Avangrid's lawsuit came on the heels of a Maine Supreme Judicial Court ruling last week that upheld the validity of signatures Say NO to NECEC turned in to qualify its question for the ballot. That suit revolved around whether certain signatures should have been thrown out because the notaries public who signed off on some signature forms also performed non-notary services for the signature-gathering campaign.

"We are challenging it for a lot of good reasons. We found what we believe are a lot of irregularities," Torgerson, the Avangrid CEO, told investors late last month. "People doing notary public work when they're also doing work for the campaign to push the referendum. So we feel we have a good case."

Ultimately, the court cleared the way for the referendum to go to voters in November with a ruling that the secretary of state acted properly in validating the signatures.

While the referendum fight plays out in the Maine courts, the NECEC project is not fully out of the woods just yet.

The transmission project still must be certified by the U.S. Army Corps of Engineers and must obtain a Presidential Permit from the U.S. Department of Energy because it connects across the border into Canada. And the regional grid operator — ISO-New England — also gets a say before the project can get fully underway.
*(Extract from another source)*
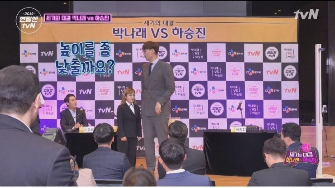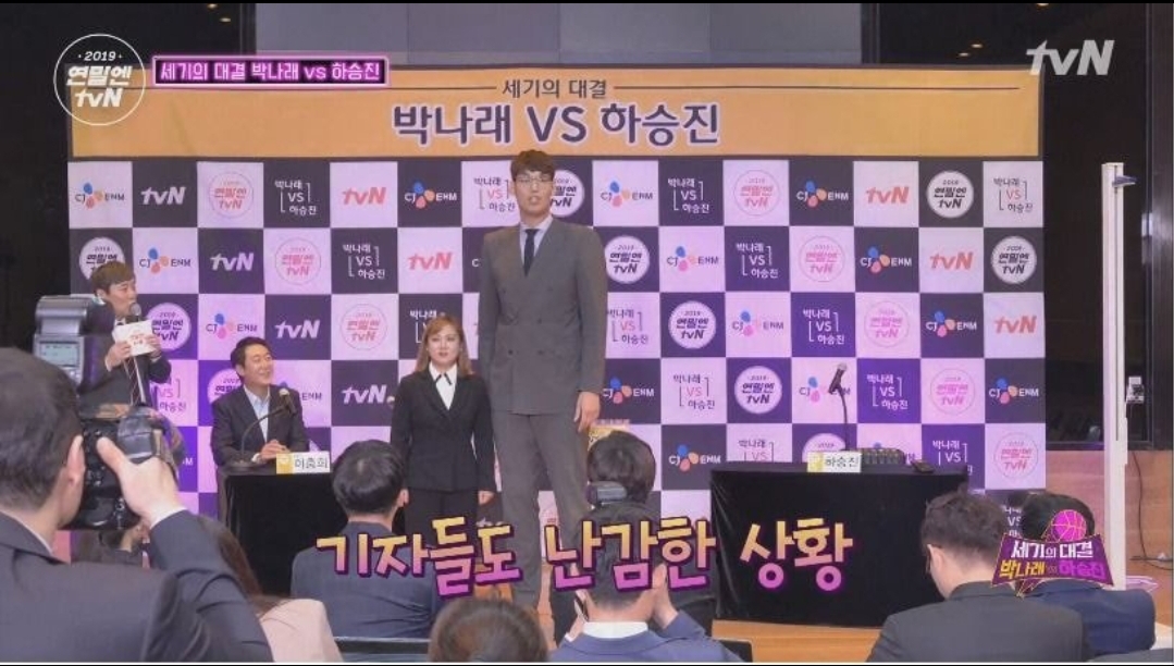 하승진, 박나래와 기자회견 자리에서 매너다리

Torgerson said during Avangrid's investor call late last month that the Army Corps approval is expected in early third quarter, roughly 90 days after the Maine DEP final decision, which came May 11. He said the ISO-New England approval is expected by the end of the second quarter of 2020. The Presidential Permit, he said, is expected to be issued approximately 60 days after the Army Corps and ISO-New England approvals.